Disebutkan bahwa demo penyelesaian fungsi findMaxElement di halaman utama adalah contoh saat ini atau masa depan. Enam baris kode Python yang diusulkan, katanya, bisa diganti dengan
return max(arr). Kode yang diusulkan dinilai berada pada level pemula. Ia khawatir orang yang menggunakan fitur autocomplete secara membabi buta akan mandek dari sisi kemampuan teknis. Mungkin bisa mendapat story point, tetapi ia mempertanyakan apakah keterampilan nyata benar-benar meningkat.Disebutkan bahwa ia sama sekali tidak menyangka proyek Tabby bisa naik ke halaman depan HN. Sejak dirilis, Tabby telah berkembang pesat dan menjadi platform pengembang AI yang komprehensif, dengan fitur pelengkapan kode dan chat codebase. Pengguna Tabby mengatakan mereka menemukan Tabby sebagai satu-satunya platform yang memberikan pengalaman onboarding layanan mandiri.

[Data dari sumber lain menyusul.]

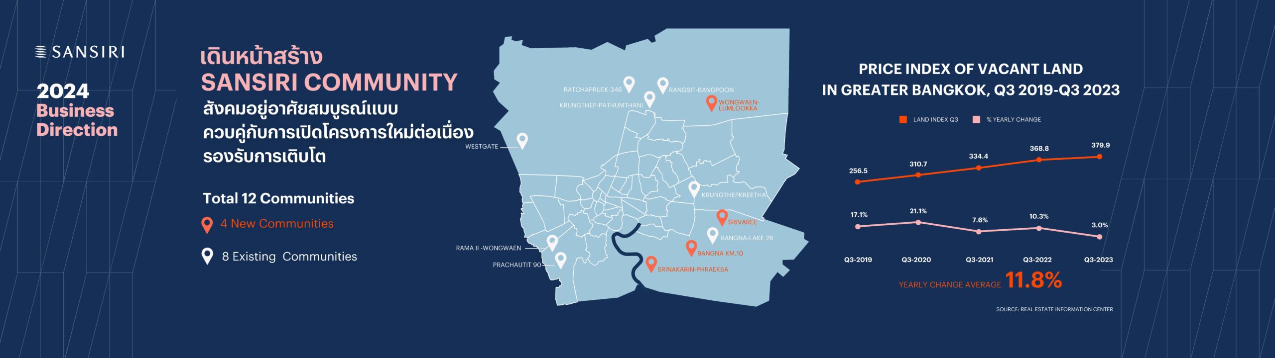 • สานต่อโมเดล “Sansiri Community” ในแต่ละทำเลที่แสนสิริเข้าไปพัฒนาโครงการ และยกระดับให้เป็นสังคมอยู่อาศัยสมบูรณ์แบบ

Performanya juga disebut sebanding dengan opsi lain di pasar. Jika penasaran, ia merekomendasikan untuk mencobanya.
Seorang pengguna yang belum akrab dengan AI lokal mengatakan ingin mencoba Tabby. Ia penasaran bagaimana perbandingan "run tabby in 1 minute" dengan 4o-mini gratis dari chatgpt. Ia bertanya apakah di MacBook Pro spesifikasi menengah, cukup menjalankan perintah Docker untuk mendapatkan AI yang cepat dan kompeten. Disebutkan bahwa daya komputasi M1/M2 terbatas dan kemungkinan hanya cocok untuk penggunaan pribadi. Jika membutuhkan instance bersama untuk tim, disarankan mempertimbangkan hosting Docker dengan CUDA atau ROCm.
Disebutkan bahwa di Community Edition, telemetri IDE/Extensions tidak bisa dimatikan. Ia penasaran data apa saja yang termasuk dalam telemetri tersebut.

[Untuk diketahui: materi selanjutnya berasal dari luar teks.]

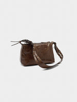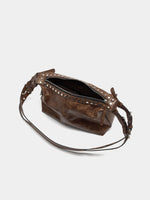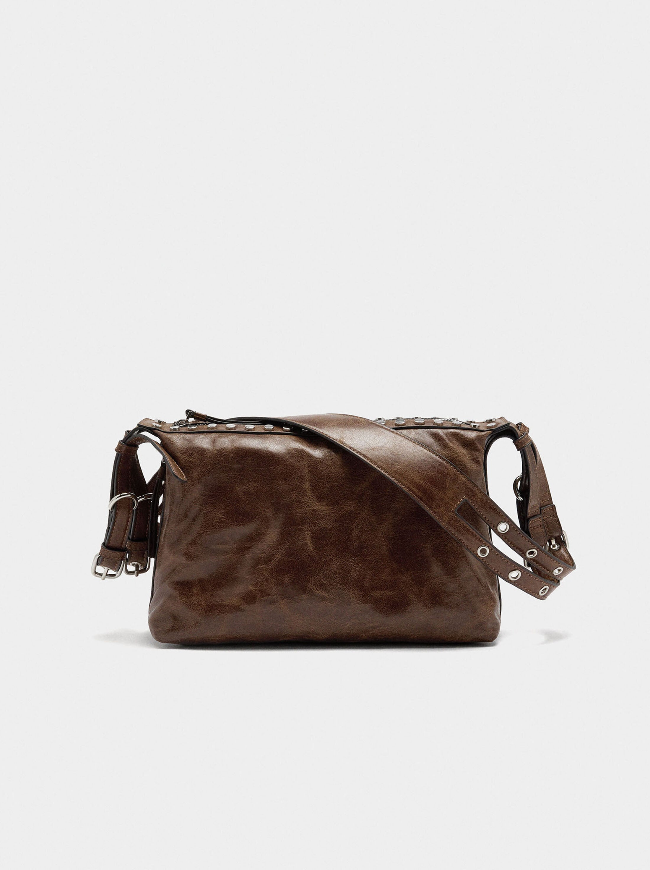 Bolso de hombro con tachuelas. Tamaño mediano. Efecto craquelado. Forro y bolsillo interior. Cierre de cremallera. Asas fijas y ajustables.

Disebutkan bahwa semua contoh adalah kode yang bisa ditemukan di library. Sebagian kode diragukan kualitasnya. Ada kekhawatiran bahwa LLMs bisa menjadi bot spam bagi codebase.
Disebutkan bahwa idenya bagus karena tidak mengirim data ke perusahaan besar dan bisa mempercayai TOS. Efektivitas asisten coding disebut berbanding lurus dengan panjang konteks, sedangkan model terbuka yang bisa dijalankan di komputer biasanya lebih kecil. Ia ingin melihat materi yang mengukur kegunaannya pada codebase yang lebih kompleks.
Disebutkan bahwa ia sedang meneliti solusi AI self-hosted di tempat kerja. Ia penasaran bagaimana perusahaan ini menghasilkan uang. Tersedia opsi gratis/komunitas/open source, dan ia bertanya bagaimana batas "hingga 5 pengguna" dipantau. Ia juga ingin tahu apa yang terjadi jika pengguna melebihi 5 orang.
Disebutkan bahwa Tabby hanya mendukung penggunaan satu GPU. Untuk memakai beberapa GPU, perlu menjalankan beberapa instance Tabby dan mengatur
CUDA_VISIBLE_DEVICESatauHIP_VISIBLE_DEVICES. Ia bertanya apakah penggunaan dua GPU yang terhubung dengan NVLink memang tidak didukung, atau situasinya berbeda karena NVLink memperlakukan dua GPU tersebut sebagai satu kesatuan.